For each test case, print in one line the radix of the other number so that the equation N1 = N2 is true. If the equation is impossible, print Impossible. If the solution is not unique, output the smallest possible radix.

Sample Input 1:

6 110 1 10

Sample Output 1:

2

Sample Input 2:

1 ab 1 2

Sample Output 2:

Impossible

题意：进制转换，给出2个数，后面跟着tag，和radix的值，tag表示第几个数的进制是radix，要找出另外一个数的进制能和这个radix进制的数相等。题目没给出进制的范围，所以需要用到long long类型。

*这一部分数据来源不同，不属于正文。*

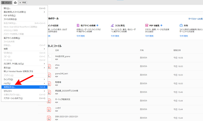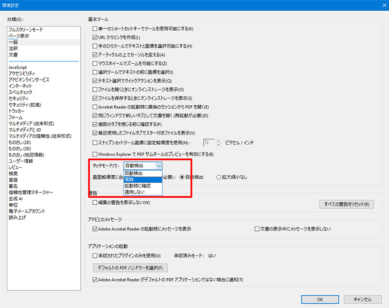 PDFファイルを開いた時に常に手のひら(ドラッグツール)の状態にしておきたい 2025.10.02 ソフトウェア関連 ◆免責事項を読んでご利用ください◆ 利用上の注意点はじめにこの高度なIT社会ではインターネットを介しての情報発信が非常に厳しく規制されています。その中でこのサイトがどのような影響を及ぼすか判断できません。従って、利用する方は必ず、下記の点だけ理解して頂き利用ください。問合せ・クレーム等につ続きを読む 手のひらツール PDFファイルを開いた時に通常はポインターは「矢印」だと思います。 「手のひら」にしたい方がいると思います。その場合は下記の設定で可能です。 「メニュー」の「環境設定」 「一般」→「タッチモード」を「自動検出」→「常時」にすればよいです。 以上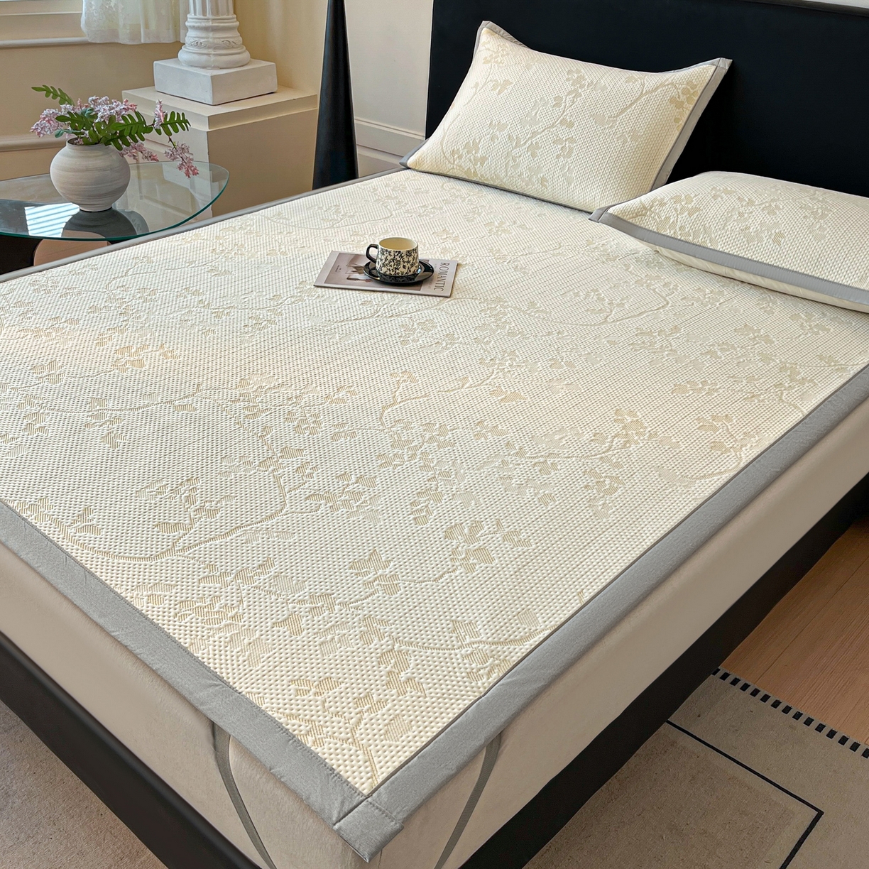2025新款A类云母凉感丝豆豆被夏被凉席系列-花边凉席床笠款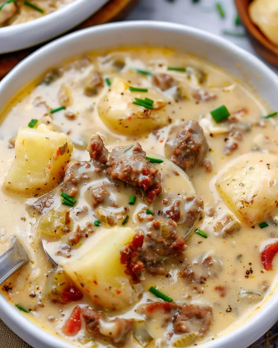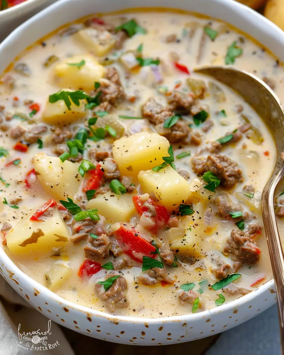 If you’re looking to enjoy this comforting soup without meat, consider a vegetarian version! Swap out the beef with hearty mushrooms or a mix of colorful bell peppers to provide that satisfying umami flavor. Use vegetable broth as your base, and don’t forget to load it up with protein by adding lentils or chickpeas. The creaminess from the potatoes paired with the savory spices can make even the pickiest eaters fall in love with this meatless alternative.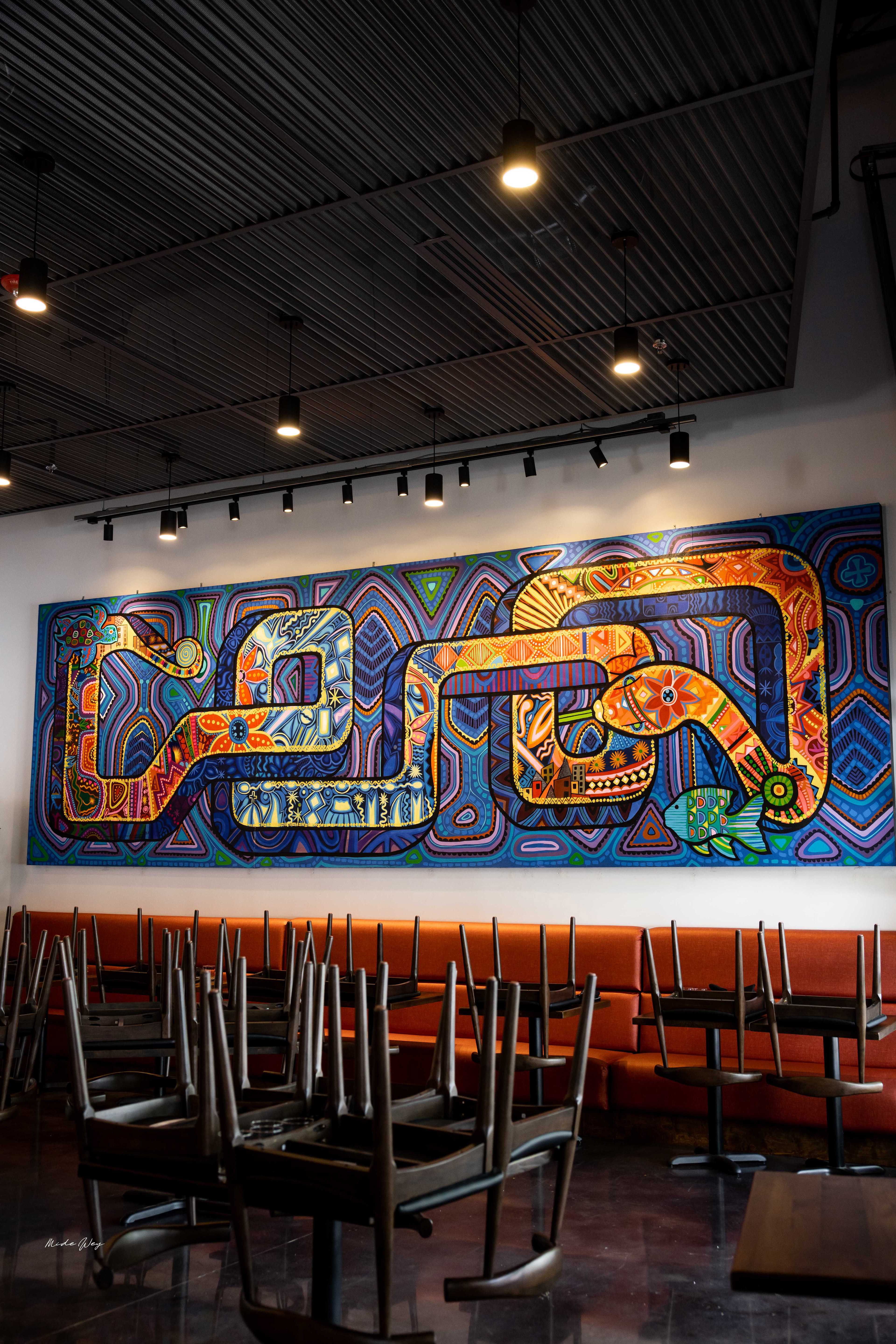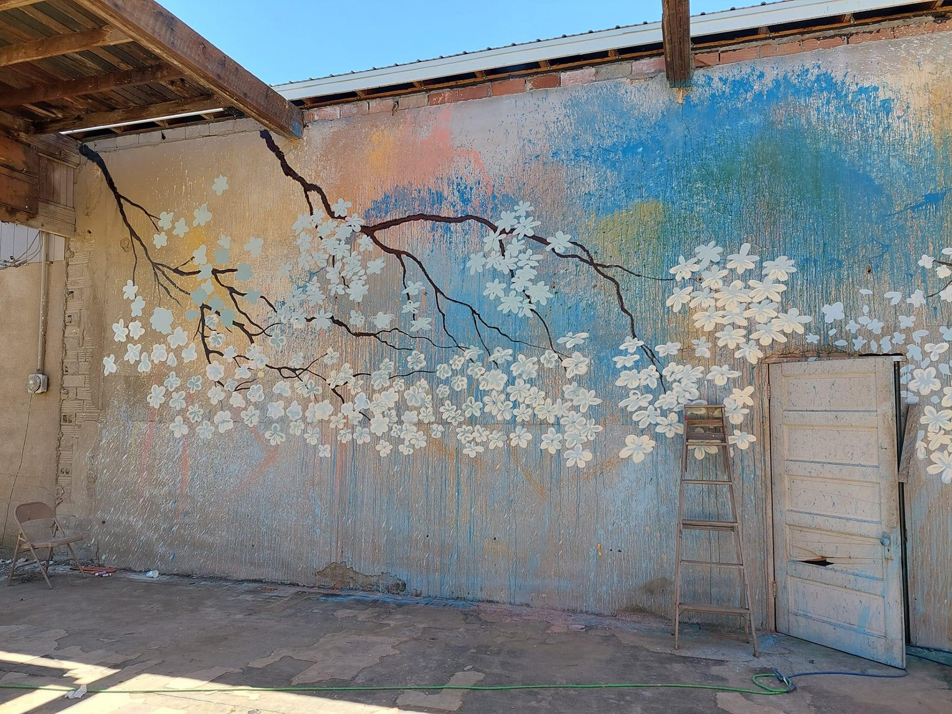 Mural paint on concrete wall, 40ft x 15ft, 2022

解题思路：这题单纯模拟有4个测试点过不了，所以扣了4分，然后通过看别人博客的解题思路，才知道要用二分法查找，当时没多想就顺序搜索，看了他们的思路，将自己的代码改了一遍。就增加了一个二分查找函数find_radix(string s,int num)，将当前的进制和另外一个转换的数比较，如果当前进制比另外一个大，就说明这个进制太大了，但在转换的时候可能会溢出，所以小于0也说明太大了，这时将high=mid-1，如果等于当前的就直接返回这个mid，如果是其他情况，就说明比较小，将low=mid+1，具体见代码

#include<bits/stdc++.h>
using namespace std;
string n1,n2;
long long radix;
long long change(string s,long long r)
{
	int n=s.length(),k=0,sum=0;
	for(int i=n-1;i>=0;i--)
	{ if(isdigit(s[i])) {
		sum+=(s[i]-'0')*pow(r,k);
    }else if(isalpha(s[i]))
		sum+=(s[i]-'W')*pow(r,k);
		k++;
	}
	return sum;
}
long long find_radix(string n,long long num) 
{
	char m=*(max_element(n.begin(),n.end()));
	long long low=(isdigit(m)?m-'0':m-'a'+10)+1;
	long long high=max(low,num);
	while(low<=high)
	{
		long long mid=(high+low)/2;
		long long sum=change(n,mid);
		if(sum<0||sum>num) high=mid-1;
		else if(sum==num) return mid;
		else  low=mid+1;
	}
	return -1;
}
int main(void)
{
	int tag;
	cin>>n1>>n2;
	cin>>tag>>radix;
	string n,an;
	long long ans;
	if(tag==1) n=n1,an=n2;
	else if(tag==2) n=n2,an=n1;
	ans=find_radix(an,change(n,radix));
	if(ans==-1)printf("Impossible");
	else printf("%lld",ans);
	return 0;
	
}